Dr Reddy’s Labs, Kotak Mahindra Bank, HDFC, Nestle India and HDFC Bank were among the top Nifty gainers, while losers included Divis Labs, Tech Mahindra, Grasim Industries, Hindalco Industries and HUL. IT, metal, and pharma stocks weighed on the benchmarks with Divis Labs, Grasim, Tech M, Hindalco, ONGC, HUL, HCL Tech, and Tata Consumer, and Infosys sliding in the range of 2 to 6 per cent.
The BSE MidCap and SmallCap indices, meanwhile, slipped 0.85 per cent and 1.14 per cent, respectively. Among sectors, the Nifty IT and Pharma indices shed 1.4 per cent and 2 per cent, respectively, on the National Stock Exchange, while the Nifty Financial Services index added 0.4 per cent.
Logistics giant Delhivery closed at Rs 538 as against its issue price of Rs 487 a share. On the other hand, Venus Pipes and Tubes ended at Rs 352 relative to its issue price of Rs 326 on the BSE.
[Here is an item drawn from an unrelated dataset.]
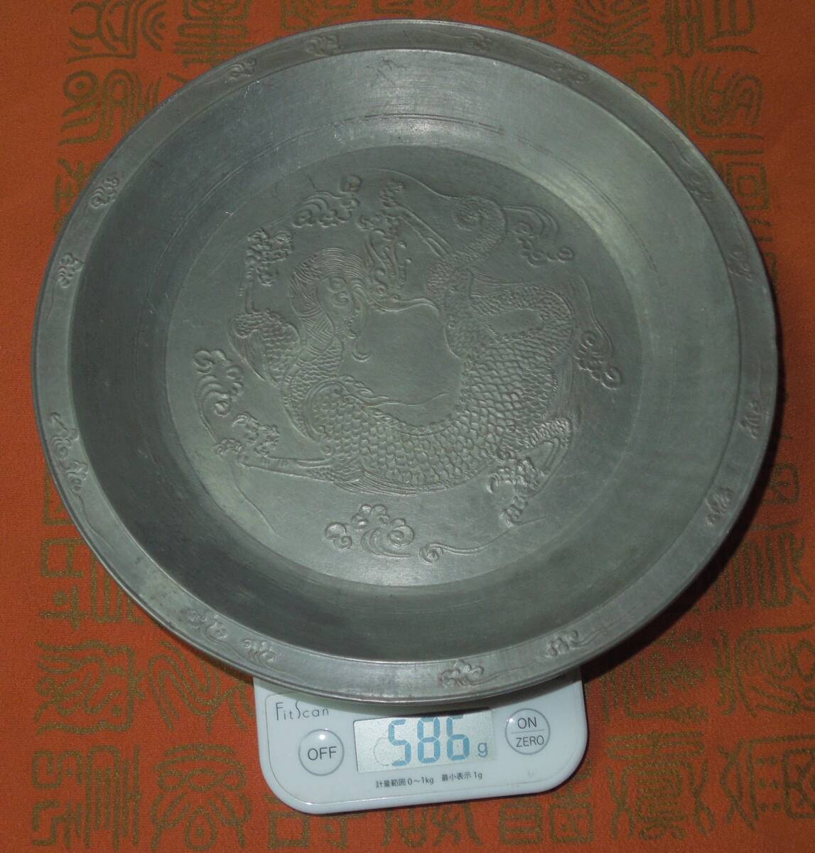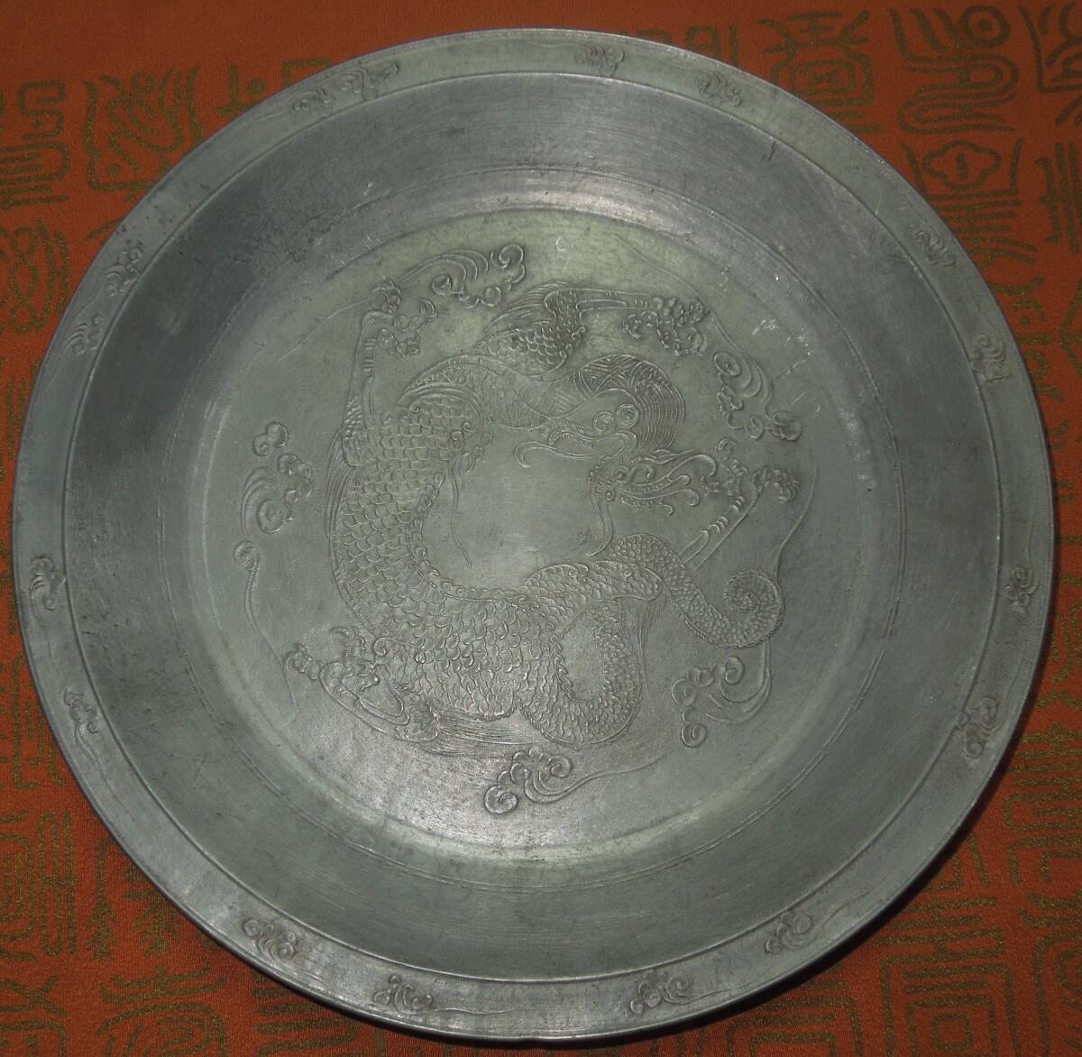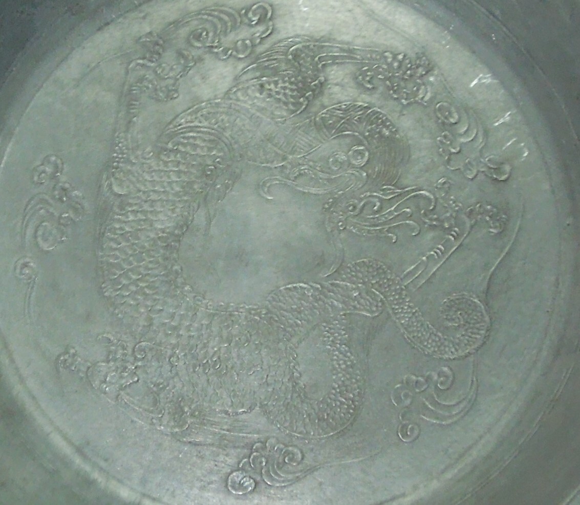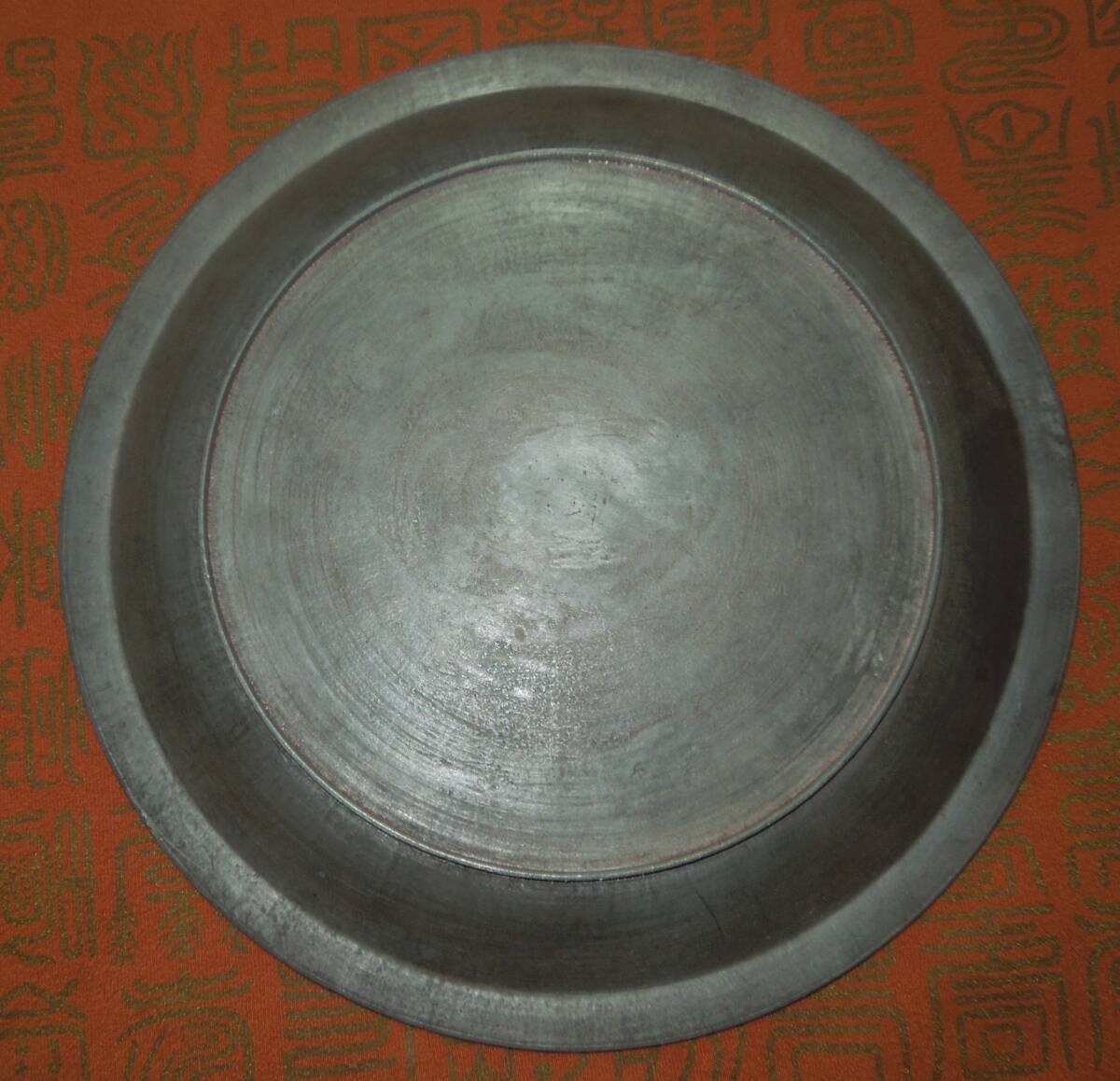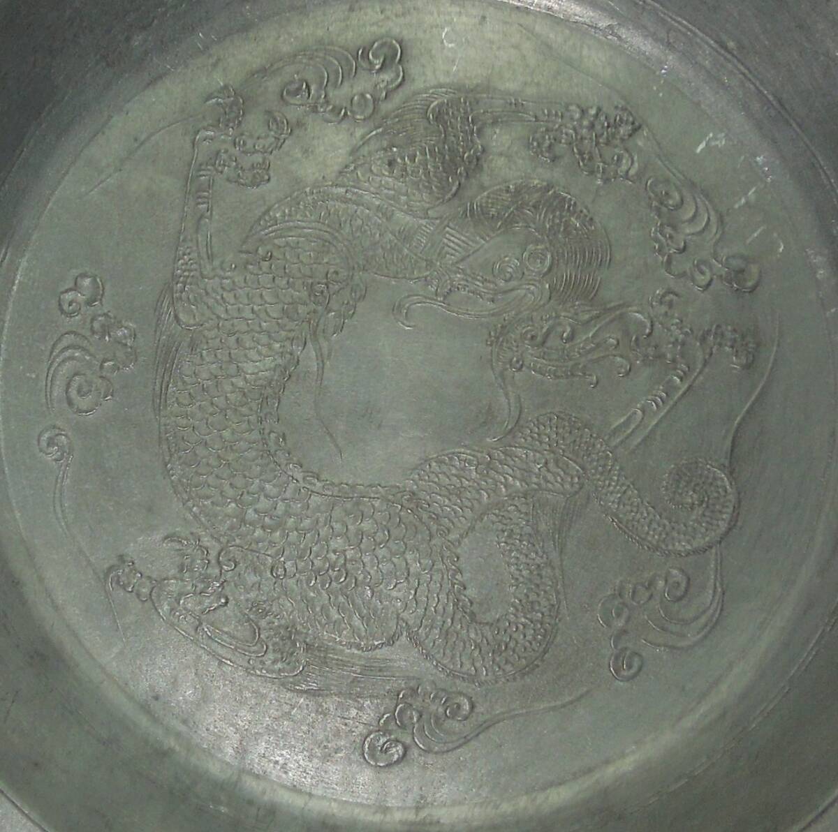 煎茶道具  錫 雲龍 瓶座 急須台  茶盆  径:約24.6cm

Vinod Nair, Head of Research at Geojit Financial Services, said: “Anxiety of slowing economy & rising interest rates underpinned by soaring inflation continued to haunt the global market. The UK and Eurozone composite PMI registered the slowest rise in business activity in the month of May, worsening global investor risk sentiment. On the domestic front, while all major sectors succumbed to the pressure, the auto sector bucked the market trend this month gaining on fuel price cut and rise in steel custom duty.”
Global Cues
US stocks ended higher on Monday as gains from banks and a rebound in market-leading tech shares supported a broad-based rally following Wall Street’s longest streak of weekly declines since the dot-com bust more than 20 years ago. The Dow Jones Industrial Average rose 618.34 points, or 1.98 per cent, to 31,880.24, the S&P 500 gained 72.39 points, or 1.86 per cent, to 3,973.75 and the Nasdaq Composite added 180.66 points, or 1.59 per cent, to 11,535.28.
Asian shares got off to a sluggish start on Tuesday after a rally on Wall Street was soured by an early slide in US stock futures. After ending Monday firmer, Nasdaq futures lost 1.3 per cent with traders blaming an earnings warning from Snap which saw shares in the Snapchat owner tumble 28 per cent. S&P 500 futures also lost 0.6 per cent, surrendering some of Monday’s 1.8 per cent bounce. MSCI’s broadest index of Asia-Pacific shares outside Japan was left almost flat as a result, while Japan’s Nikkei dipped 0.1 per cent.